▶ [INPUT DATA]
---*---

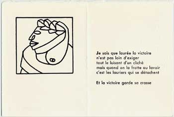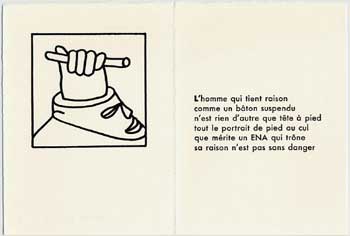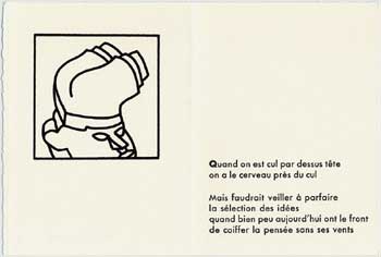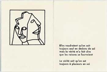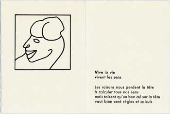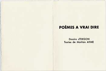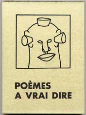 350 dessins, 70 textes en souffrance, c'était trop pour nos deux compères. Comme au fil des relectures s'était dégagée la cohérence de certains thèmes, ils ont élaboré le projet d'éditer, en l'imprimant eux-même, un recueil en sérigraphie et typographie. Leur choix s'est porté sur un ensemble qui oppose les froids excès d'une raison totalitaire à la liberté des sens. Le choix définitif de POÈMES À VRAI DIRE a été acquis en octobre 2005, la maquette établie en janvier 2006, et l'impression a pris environ un semestre... L'ensemble de l'ouvrage est reproduit sur cette page, les 33 pages imprimées ont été reproduites, en demi grandeur, et de façon à ce que le texte soit lisible.
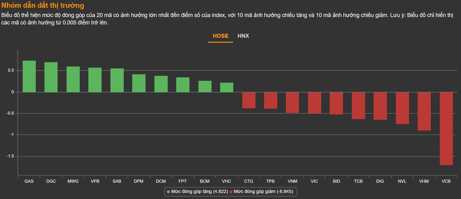 Mặc dù vậy, nhà đầu tư vẫn giữ tâm lý thận trọng khiến thị trường chưa thể bứt phá. Các nhóm ngành lớn như ngân hàng, xây dựng - bất động sản, chứng khoán,... xuất hiện kháng cự khi nhiều mã xanh/đỏ đan xen nhau.
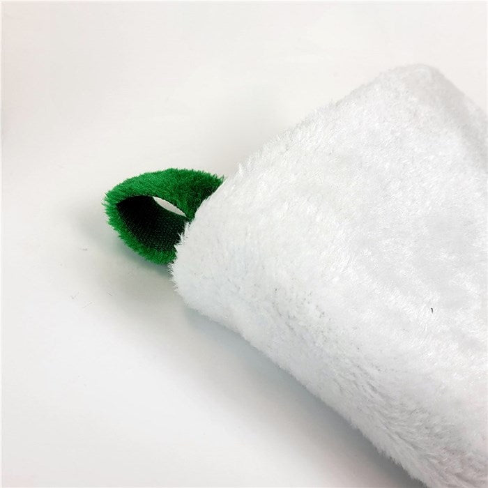 • Stocking is made of a soft, cotton/polyester plush material with full white cuff.

---*---

Exactly the lines from the one containing "Mặc dù vậy, nhà" through the last line of the data above should be output, both ends included, with every picture left out.

 Mặc dù vậy, nhà đầu tư vẫn giữ tâm lý thận trọng khiến thị trường chưa thể bứt phá. Các nhóm ngành lớn như ngân hàng, xây dựng - bất động sản, chứng khoán,... xuất hiện kháng cự khi nhiều mã xanh/đỏ đan xen nhau.
 • Stocking is made of a soft, cotton/polyester plush material with full white cuff.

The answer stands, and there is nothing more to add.